# Maple Mead anyone????



## wfuavenger (Dec 11, 2009)

I have read in the forums somewhere that it takes a REAL long time to mellow out.... But when it does, it is pretty good. It might have been at gotmead.com I dont remember


----------



## Zane (Mar 28, 2008)

I've had it in beer and love it. "Tommy Knockers Maple Nut Brown" is some fine ale. They actually filter out the yeast and add the maple @ the end so its not used as a fermentable but sure is good.
I bet that mead would bee great w/ a maple flavor in it. Good luck!!!!


----------



## mike haney (Feb 9, 2007)

i'll guess you wont taste anything but maple.


----------



## wfuavenger (Dec 11, 2009)

if you added it at the end, you better make sure your yeast is killed off, or you will get a second round of fermentation. And if it is bottled, either bubbly mead or lots of cleaning up sticky broken glass!:doh:


----------



## BJ (Sep 11, 2006)

It was added 5 days after initial pitch. No worries.

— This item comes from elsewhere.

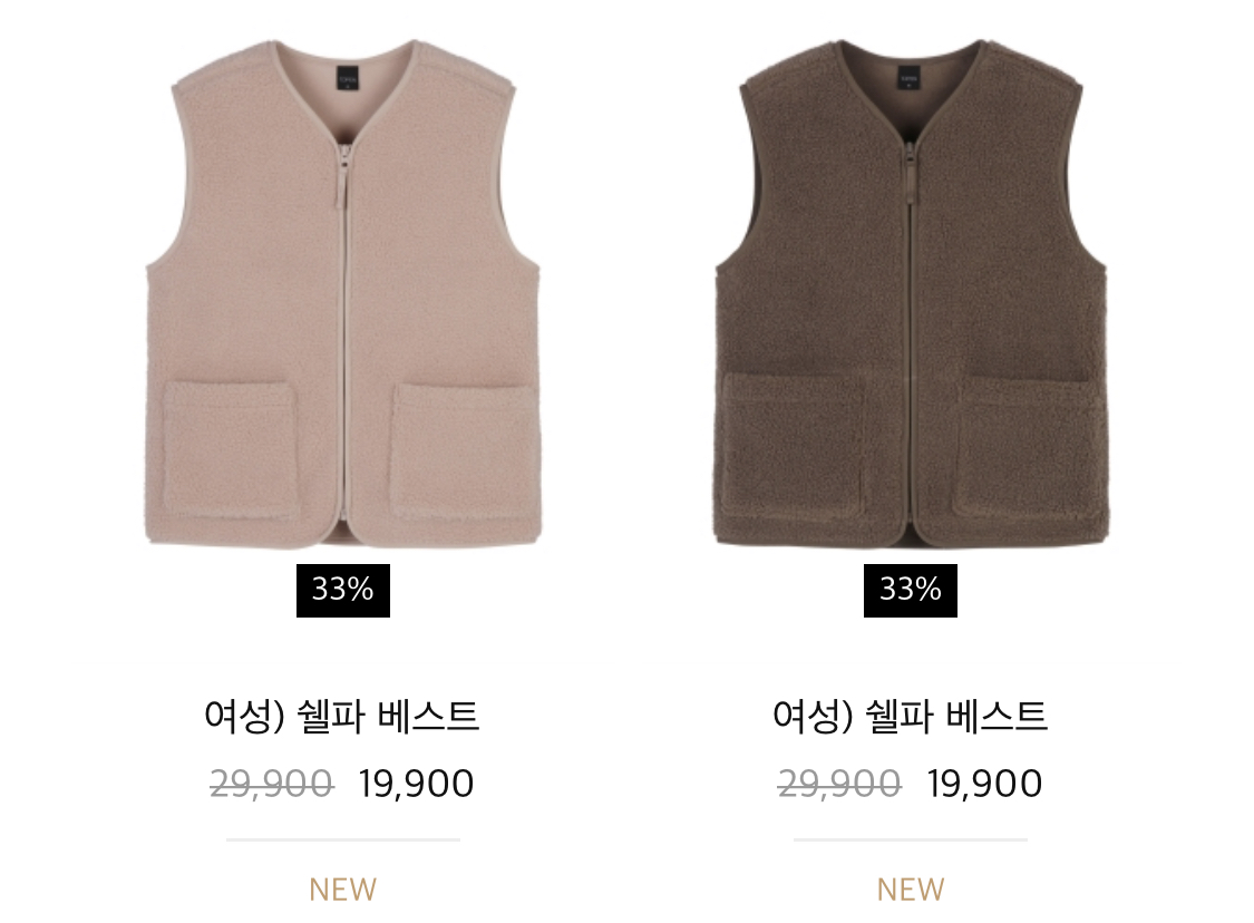 쉘파 베스트, 가디건, 집업 등 정가 69900원 품목이 39900원까지 할인되네요❤️❤️

I did some pear in the fall, haven't tasted since around christmas...but it had a bit of a strong twang to it....hope it comes around.


----------



## brac (Sep 30, 2009)

I was just talking with someone about weather Maple Mead would work well... Let us know when you move to taste testing.


----------



## BJ (Sep 11, 2006)

will do:thumbsup:


----------



## nursebee (Sep 29, 2003)

I've made a maple wine using grade B dark maple syrup from PA. It was a nice curiousity item but not worth keeping around. It was better young. I am not up on my brewing terms but it got more chemically tasting as it aged. If it matters the syrup was made thru reverse osmosis and boiling.

If the taste vs age pattern is the norm for this style, mixing with honey to ferment presents some problems. My experience is that meads taste better with time.

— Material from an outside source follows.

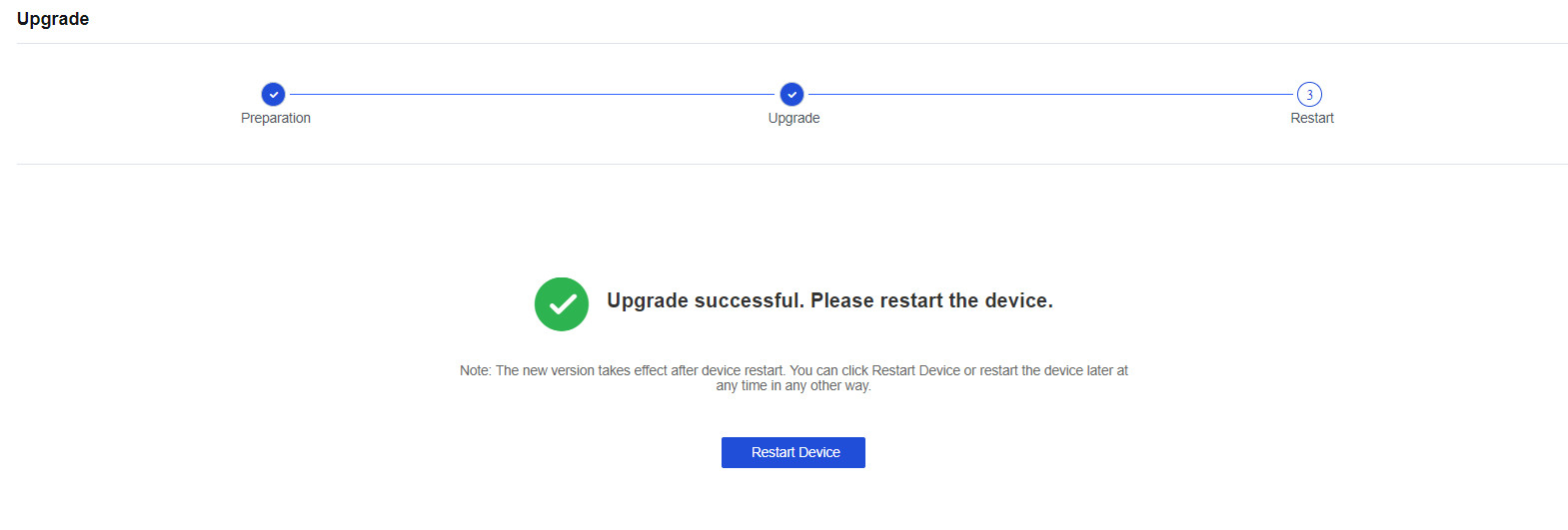 - After the upgrade package is uploaded, click Next to complete the configuration backup to start the upgrade. After the upgrade is completed, the device will reboot automatically. After the reboot is completed, log in to the device console and check the status of the device.
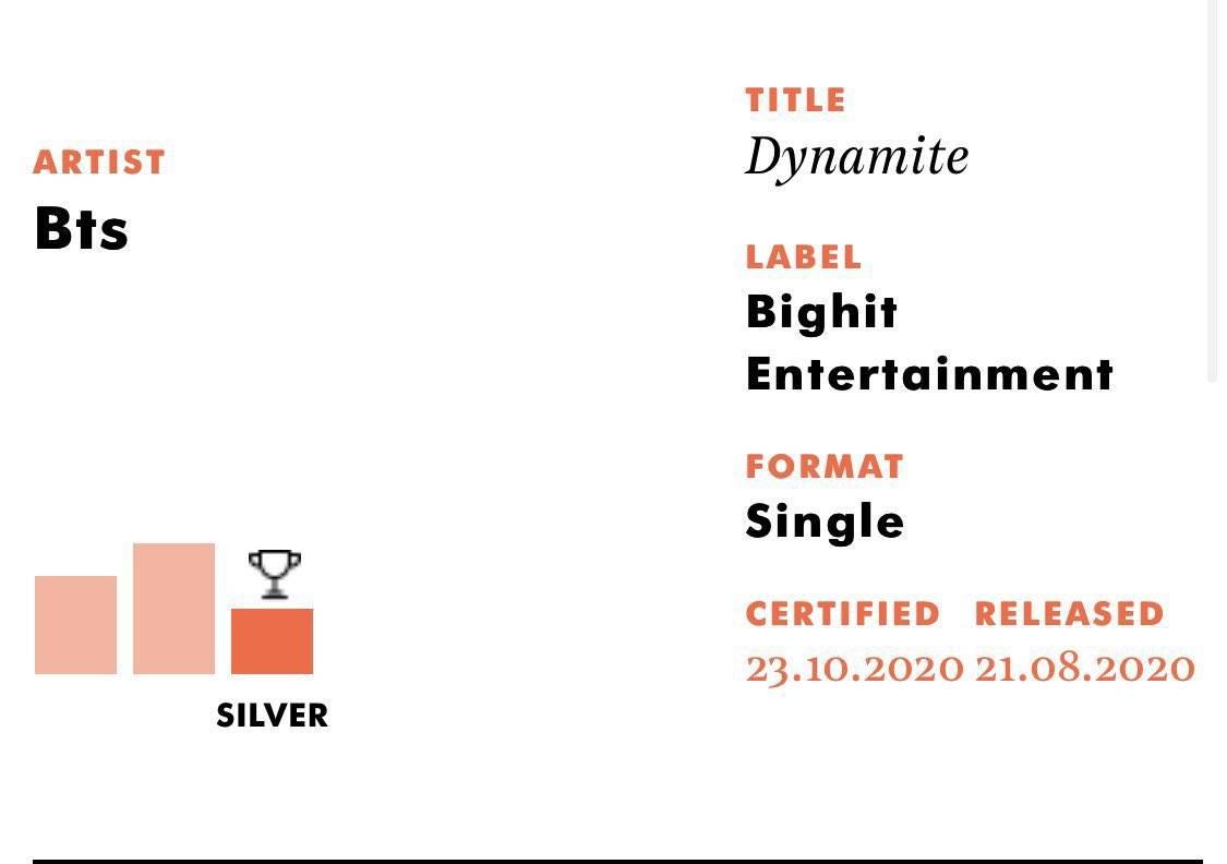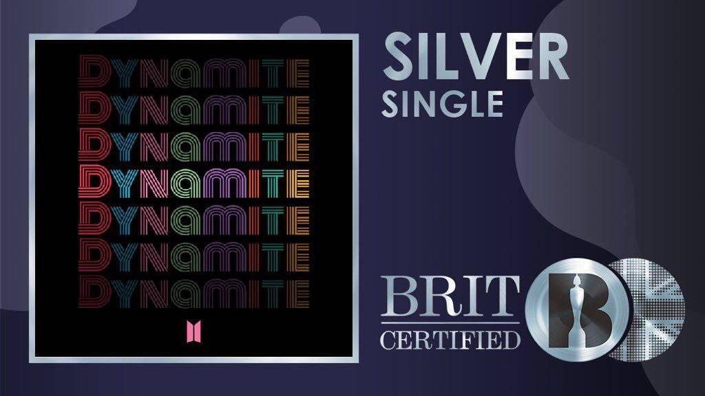 🔸เพลง Dynamite ได้รับการรับรองระดับ Silver ภายในเวลาเพียง 2 เดือนหลังจากเพลงปล่อย นับเป็นสถิติใหม่ที่เร็วที่สุดของวง 💿🇬🇧

I do plan on making a batch of maple mead, with about half of C6H6O12 from each. I plan on using the darker syrups again to add flavor.

If anyone ever comes for breakfast I'll be happy to open a bottle to share.


----------



## plaztikjezuz (Apr 22, 2010)

nursebee said:


> I've made a maple wine using grade B dark maple syrup from PA. It was a nice curiousity item but not worth keeping around. It was better young. I am not up on my brewing terms but it got more chemically tasting as it aged. If it matters the syrup was made thru reverse osmosis and boiling.
> 
> If the taste vs age pattern is the norm for this style, mixing with honey to ferment presents some problems. My experience is that meads taste better with time.
> 
> ...


Grade B is the way to go, more flavor, and cheaper.

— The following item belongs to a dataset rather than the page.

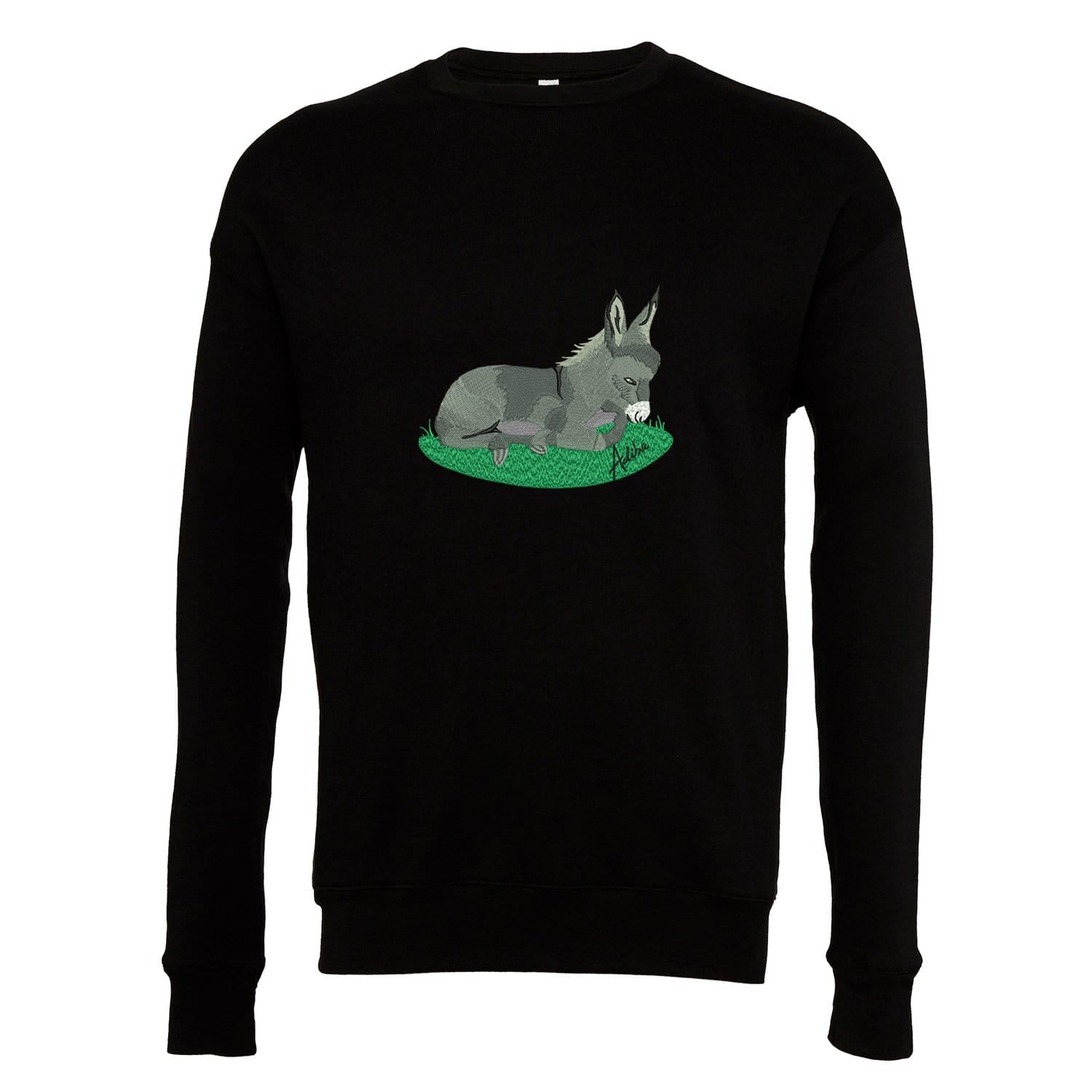 This Donkey Embroidered sweater is a classic crewneck sweatshirt in comfy, super-soft fleece designed for warmth and breathability. Featuring an on-trend drop-shoulder seam and finished with ribbed cuffs and waistband. Donkeys are brave, courageous and intelligent animals. They have an immense amount of strength, two times as much as of an average horse.

the chemical taste, nail polish remover maybe? solvent tasting?
most cases with off flavors with mead are fermentation temperature related, most people ferment to high, keep it between 65-72F
here is a link to a handy print out of off flavors.
http://www.bjcp.org/docs/Beer_faults.pdf

OP:

I have made a batch of acerglyn, or maple mead, here are my suggestions.

use grade b syrup
use 3-4 lbs per gallon
use only syrup, no honey or fresh sap.
double up on your yeast and nutrient


----------



## barnabees (Jun 20, 2012)

I know I'm bringing out an old thread, but I'm new to the forum and doing some reading...

I've done two different variations on Maple Mead. Being in Vermont we're big on both bees and trees, so I'm in the right area.

The first batch I did was a simple dry mead that I let complete and sweetened with a touch of grade B maple syrup (1/2 cup per gallon dry mead). It's a sweet, flavorful mead that is one of my wife's favorites. Another batch I've got running is pure sap (would be grade B) boiled down 50% and mixed with 3 lbs honey/gallon. It's still sitting, but the first rack gave me a little taste, and it's pretty good! Not as sweet or as strong a maple taste as the first try, which I personally like better: Just enough maple to know it's there.


----------



## Ben Brewcat (Oct 27, 2004)

Maple's a funny one. I've always wanted to tap some sap and use it as the water for a mead in the hopes of retaining some aromatics, which naturally boiled off hours ago in processed sap.


----------



## pelz (Apr 19, 2012)

just polished off a glass of "acerglyn", 0% honey, just maple syrup, maple mead has honey in it. just bottled it and have some left overs, it may be green but it is good! but I do look forward to using my own honey someday for mead.


----------



## ShelleyStuart (Jan 4, 2010)

pelz said:


> just polished off a glass of "acerglyn", 0% honey, just maple syrup, maple mead has honey in it. just bottled it and have some left overs, it may be green but it is good! but I do look forward to using my own honey someday for mead.


I just bottled my second batch of maple wine (acerglyn). I have trees, so this was from my own sap boiled down, no sugars added. (I did add yeast nutrient for the ferment.) It has its own unique flavor (not overly maple-y), and I'm savoring my first gallon. I've read it takes a long time to come into its own, so I plan on cellaring this for 18+months before testing.

I really like the idea of diluting my honey with sap for a mead. I'll have to try that next spring.


----------